Catherine Sampson tries to give the Charter ’08 crowd a boost:
Well it depends on how old they are. There were sharp downturns in growth from 89-92 and 97-98, for instance. None of these produced any of the politically directed unrest Ms S is looking forward too. And besides, she’s looking in the wrong places. It’s the people who marginally benefitted in the good years who are in most danger of running out of money and options. Most analysts number the Chinese middle classes at around 200 million. That’s over a billion people left who never did that well in the first place, though most did do better.
What effects will recession have there? “More unrest” is the usual answer. Most of the earlier wave of MGIs were actually products of increased growth: cadres and well connected businessmen grabbing peasant land to put it to more profitable use. These are not likely to increase in a recession. Nor are the civic protests such as those against the Xiamen PX naphta cracker or the Shanghai Maglev project for similar regions. Social MGI’s, where large crowds of under or marginally and under- employed people gather to riot against some example of abuse of power by Party officials are likely to grow, if only because recession will increase the numbers of the rioting classes. But it’s unclear how much of a threat this is to Communist Party rule. At one stage during the Cultural Revolution, 120,000 men fought on the streets of Shanghai and the Party got through that OK. The CPC is a very resilient organization. It’s not some rancid Soviet false face in Eastern Europe.
Ms Sampson also seems to be enamoured of the odd idea that the Chinese as whole have been somehow pampered over recent years. Someone my age would have been born in China just after the Great Leap Forward and just before the Cultural Revolution. I would have been fourteen when Deng introduced the household responsibility system in the countryside, at which age I would have been able to count on a regular full stomach. I’d have got to university a few years after regular examinations were introduced. I’d have been on the job market for two or three years at the time of Tiananmen and the resultant freeze on economic growth. Things might have got better along a fairly smooth upward gradient since then, but there’s nothing about a recession in itself that would produce a shattering sense of disillusion.

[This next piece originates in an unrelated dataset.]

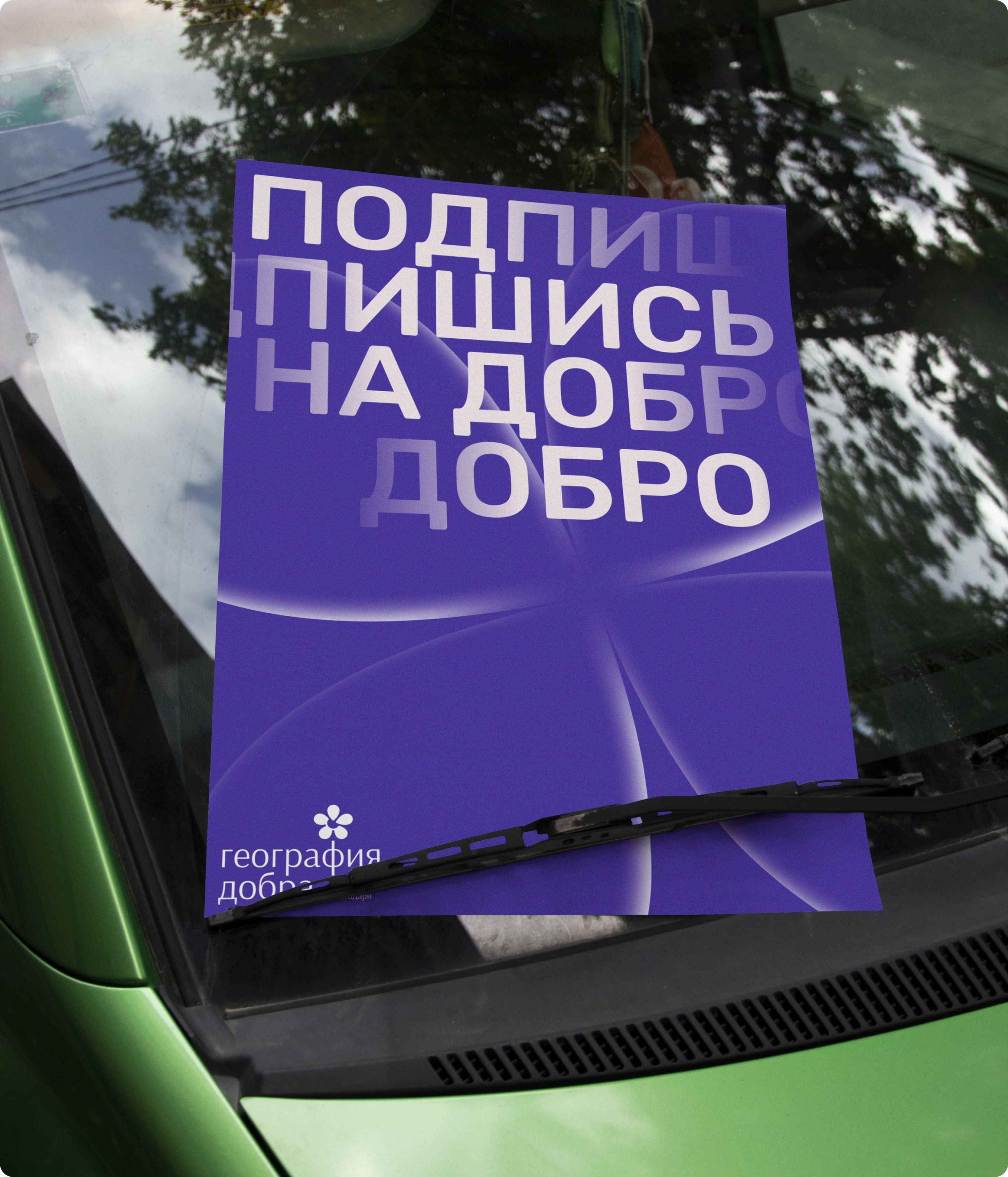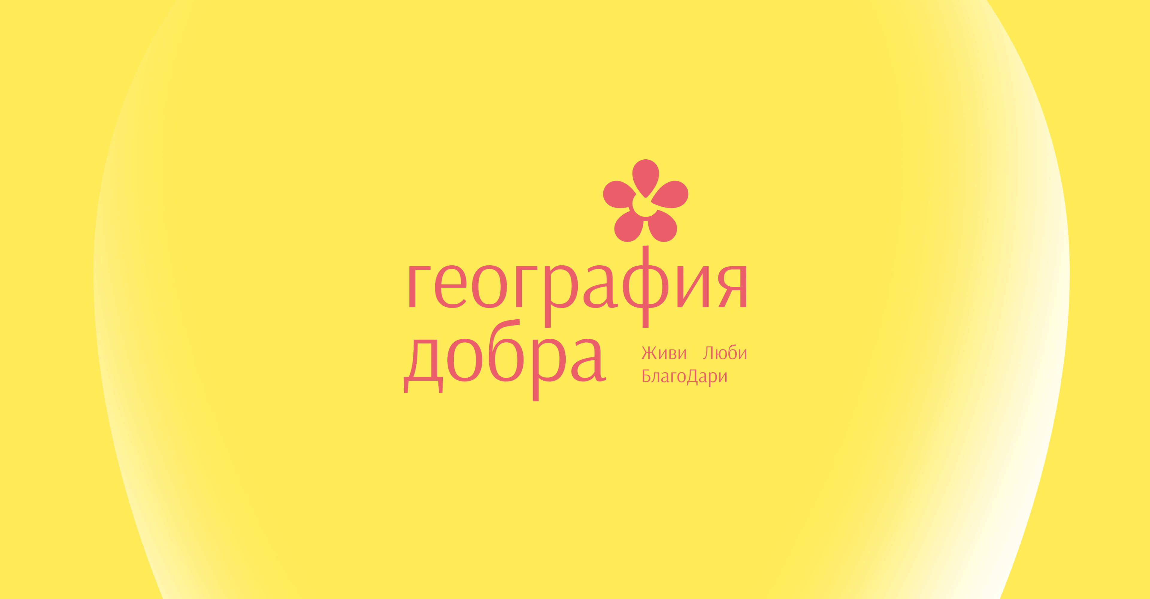 В качестве главного стиле образующего элемента мы использовали силуэт лепестка, который при дублировании образует цветочек или другие интересные образы. Все эти образы ассоциируются с добротой — цветочек, Солнце, детская ветряная мельница. А ещё сам по себе силуэт лепестка напоминает геометку, тем самым отсылая нас к прошлому логотипу фонда.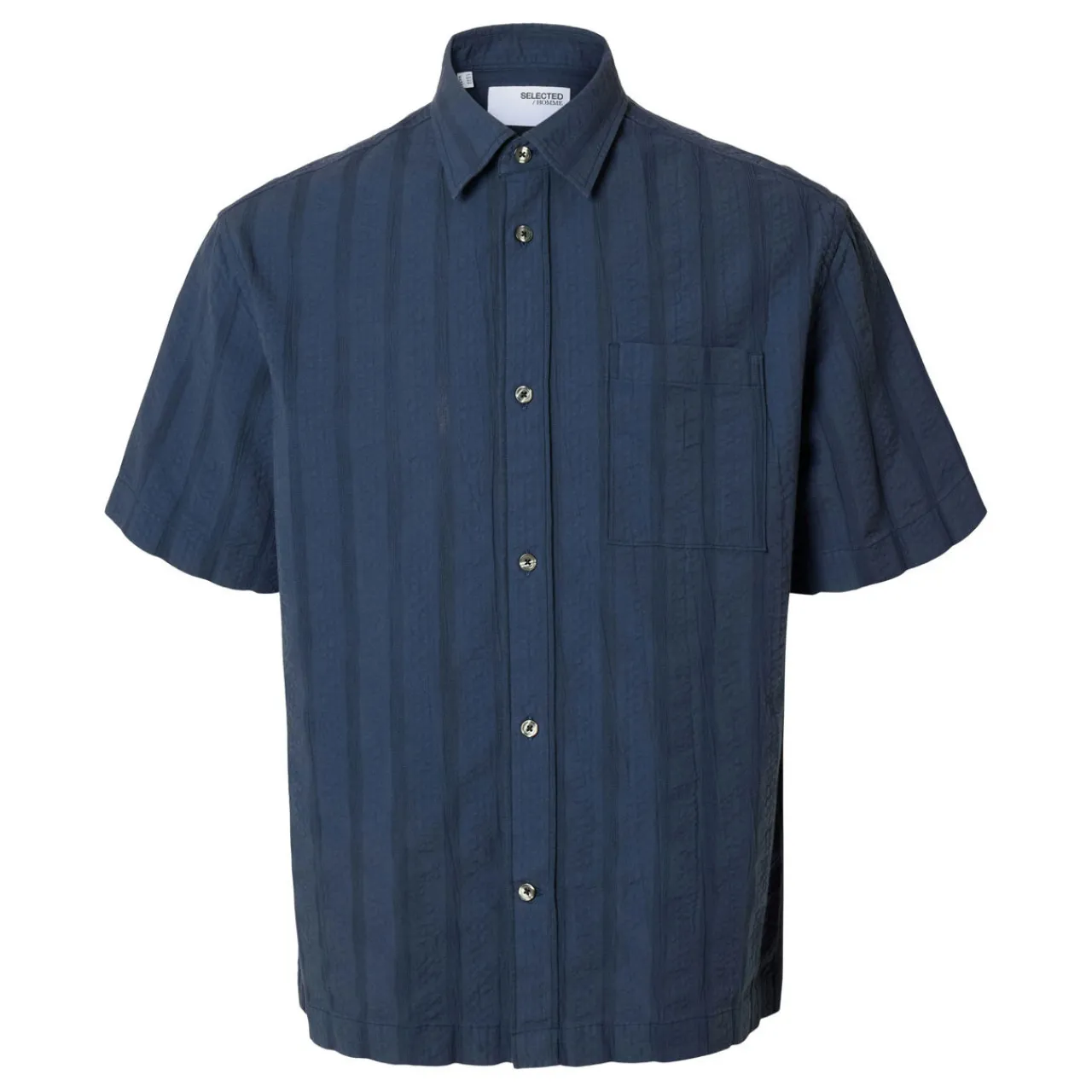 - Shirt collar, short sleeves, button fastening, straight hem, tonal striped design

As it happens, there’s not been much response of any kind that I’ve been able to detect to Charter 08 from the wider Sinosphere. Roland Soong translates a critique by veteran dissident Wang Xizhe here. But that’s broadly it. Liu Xiaobo was arrested, but Liu Xiaobo is always getting arrested. It’s debatable how much publicity the Charter would have got if he’d have been left alone.
You've examined the wrong age range. Middle aged men don't make revolution. Young men (18-24) do. They don't owe the existing system anything and could quite easily become the leaders of the new order.
I agree that the Chinese state doesn't look weak enough for a successful revolt. I anticipate mass demonstrations, protests and a re-organization of the political hierarchy in their wake.
Posted by: Fellow Traveller | December 14, 2008 at 06:41 PM
"Middle aged men don't make revolution"
No, but they do lead them :-) I was thinking more of this idea that recession is some kind of unparalleled catastrophe in recent Chinese history.
What I'd anticipate politically is more of a withdrawal from the parallel administrations the CPC runs right down to village level, with autonomy and local democracy very gradually increasing in size and scope, at times under pressure from localized outbreaks of discontent.
In Britain we got the Baron's charter in 1215; women were granted equal suffrage with men in 1928. I think we might be looking at that kind of timescale for China.
Posted by: jamie k | December 14, 2008 at 07:24 PM
I think the modern world moves at a faster rate than your historical analogy. The speed of communications across the whole globe makes rapid transformation much more likely. We've not seen the full effect of the Internet & mobile phones in every pocket yet.